Les ordres de M. Brulart furent exécutés à la lettre ; seulement, lorsque Caiot vit arriver l’embarcation armée qui venait s’emparer de la Catherine, il eut le fol entêtement de vouloir résister un peu ; aussi lui et deux autres, je crois, furent tués, et le Borgne pensa judicieusement que ce serait autant de moins à garder et à nourrir. Bientôt la Hyène orienta ses voiles, et, serrant le vent au plus près, mit le cap au sud, comme pour regagner la côte d’Afrique…

Benoît sentit alors, aux secousses du navire et au bruit qu’on faisait sur le pont, que la goëlette se remettait en route.

La brise fraîchit, et la marche de la Hyène se trouvait tellement supérieure qu’elle fut obligée d’amener ses huniers pour que la Catherine pût la suivre, et pourtant son nouveau commandant, le Borgne, la couvrait de voiles…

« Toi, timonier, le cap à l’est-sud-est, — dit Brulart, — et veille aux embardées, ou je te cogne. » — Puis il descendit retrouver son prisonnier.

« Ah ! brigand… forban, gredin… — cria celui-ci dès qu’il le vit, — ah ! si j’avais eu des canons et mon brave Simon, tu ne m’aurais pas pris comme un congre dans son trou… — Tout de même, papa… — Non !… bigre… non… — Comme tu voudras… mais il fait solidement soif… »

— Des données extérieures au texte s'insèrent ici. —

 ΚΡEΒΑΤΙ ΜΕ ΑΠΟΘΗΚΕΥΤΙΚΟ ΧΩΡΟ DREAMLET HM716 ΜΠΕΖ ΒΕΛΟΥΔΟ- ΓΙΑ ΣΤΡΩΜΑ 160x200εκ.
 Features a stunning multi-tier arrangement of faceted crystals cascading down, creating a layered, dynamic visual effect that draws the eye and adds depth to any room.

Brulart prit alors sa barre de chêne, et frappa le plancher.

Le mousse à la vilaine tête reparut, et à peine M. Brulart eut-il fermé ses doigts moins le pouce, qu’il tendit vers sa bouche en haussant le coude… qu’une grosse cruche de rhum était sur la petite table.

Le capitaine de la Catherine, toujours amarré sur son coffre, se trouvait dans l’impossibilité de faire un mouvement.


La causerie.

« Dis donc, confrère, — reprit Brulart après s’être ingéré un énorme verre de cette liqueur alcoolique ; — dis donc, pour passer le temps, jouons à un jeu, veux-tu ? à pigeon vole… non, tu es attaché ; à mon corbillon… c’est bien fade ; à M. le curé n’aime pas les os… ça sent le blasphème ; tiens, j’y suis, jouons à deviner ; je te préviendrai quand tu brûleras, comme nous disions au lycée Bonaparte. Voyons, devine… devine… ah ! tiens, devine ce que je vais faire de toi et de ton équipage ? — Bigre, ce n’est pas malin ! nous piller, scélérat… — Non ; va toujours… — Nous faire prisonniers… monstre… — Non, va toujours. — Eh bien donc ! nous massacrer, car tu es capable de tout… — Tu brûles… mais ce n’est pas ça tout à fait… — Mille millions de tonnerre… être là, immobile, amarré comme une ancre au capon… c’est à se dévorer la langue. — Tu donnes ta langue au chien… c’est-à-dire que tu renonces, que tu ne devines pas… Eh bien ! écoute. »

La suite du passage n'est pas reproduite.